当たらない感想が得意なブログだが、何となく次の作品は「ギャグヒーロー物」が正解の気がする。しかし、このジャンルは一番むずかしいと思う。
いまのジャンプのギャグマンガは、とくに読み切りに「はいはい、うすた京介が好きなのね」という作品ばかりだ。主人公がムチャを言って(ドゴーン)、カメラを引いた目線の一コマが入って(シーン)、アップでサブキャラが突っ込み(ガビーン)、みたいな。そればっかし。もうその席には本家と『いぬまるだしっ』が座っているので、満席だ。
ギャグだけでも難しいというのに、さらにヒーロー要素──つまり、格好いい場面を盛り込もうとすると、大変だ。
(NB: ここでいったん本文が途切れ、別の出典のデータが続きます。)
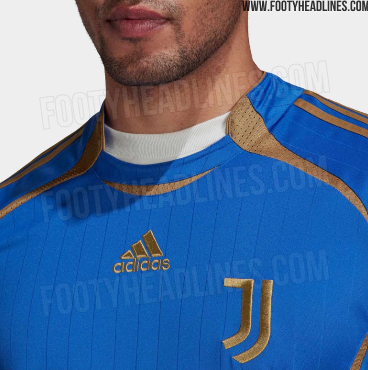Principalmente di colore blu, la maglia Teamgeist della Juventus combina questa base con dettagli dorati come il logo Adidas al centro, mentre il nuovo logo della Juventus è stato realizzato nella sua versione standard. Anche le 3 strisce sulle spalle sono dorate, così come le rifiniture sui bordi delle maniche.
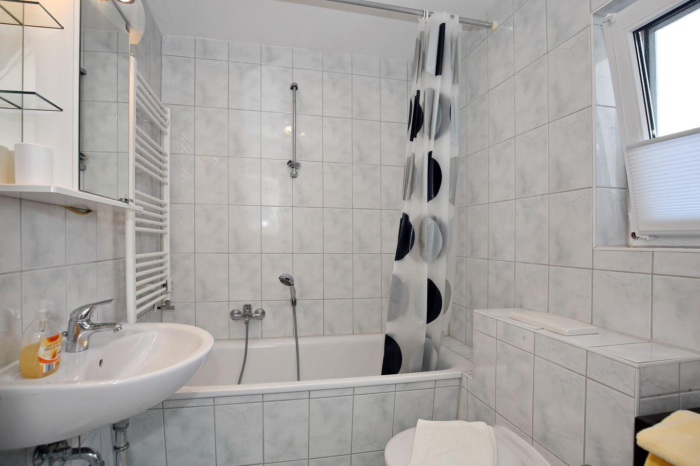 Die Ferienwohnung verfügt über ein Wannenbad mit WC sowie einen Föhn. Im Wohn-, Schlaf- und Essbereich wurde Laminat verlegt und die Küche sowie das Wannenbad sind gefliest.

笑いと格好良さ──ヘタなことをすると、『ナル■』のように、どっちつかずになってしまう(どっちもコケている?)。
そこをあえて、サイコーとシュージンがギャグヒーロー物に挑戦する、というのは面白い。この予想は当たって欲しい。
後は任せてくれ
キラキラ光ったり「頭でかっ!」な中井とか、サイコーの「あっ 福田さんも
」とか、エイジのクロウ・ポーズなどネタの絵がつまったラスト 2 ページだ。
その中でも、自分は福田のツンデレ態度がツボだった。ちゃんと仕事は仕事と割り切ってこなしつつ、人生の先輩としてサイコーにアドバイスをする。何かをつかんで去ろうとするサイコーを、あえて見はしないが満足そうに笑みを浮かべる──何という男らしい男だろう。ドラマ化した際には、きっとキムタクが演じるに違いない(──あれ、台無し? いやいや……)。
人生に疲れたような「1 ページ」のサイコーは、もういない。いろいろな出会いを経て、忘れてしまっていたあの時の気持ち
をサイコーは思い出した。
「24 ページ」にして、原点に返る──。なんと、サイコーとシュージンの物語は、たぶん、これから始まるのだ。
中井が言う、マンガ家に必要なしつこく描き続ける根性と体力
は、この仕事場にいる全員とシュージンとが持ち合わせているだろう。それでも、全員が連載を持てるとは限らない。厳しい環境の中、それでも夢に向かう者たちを応援し続ける。
自分も、まだまだやれることがあるはずだ。書きたいと思っていた話が、何かあったような……。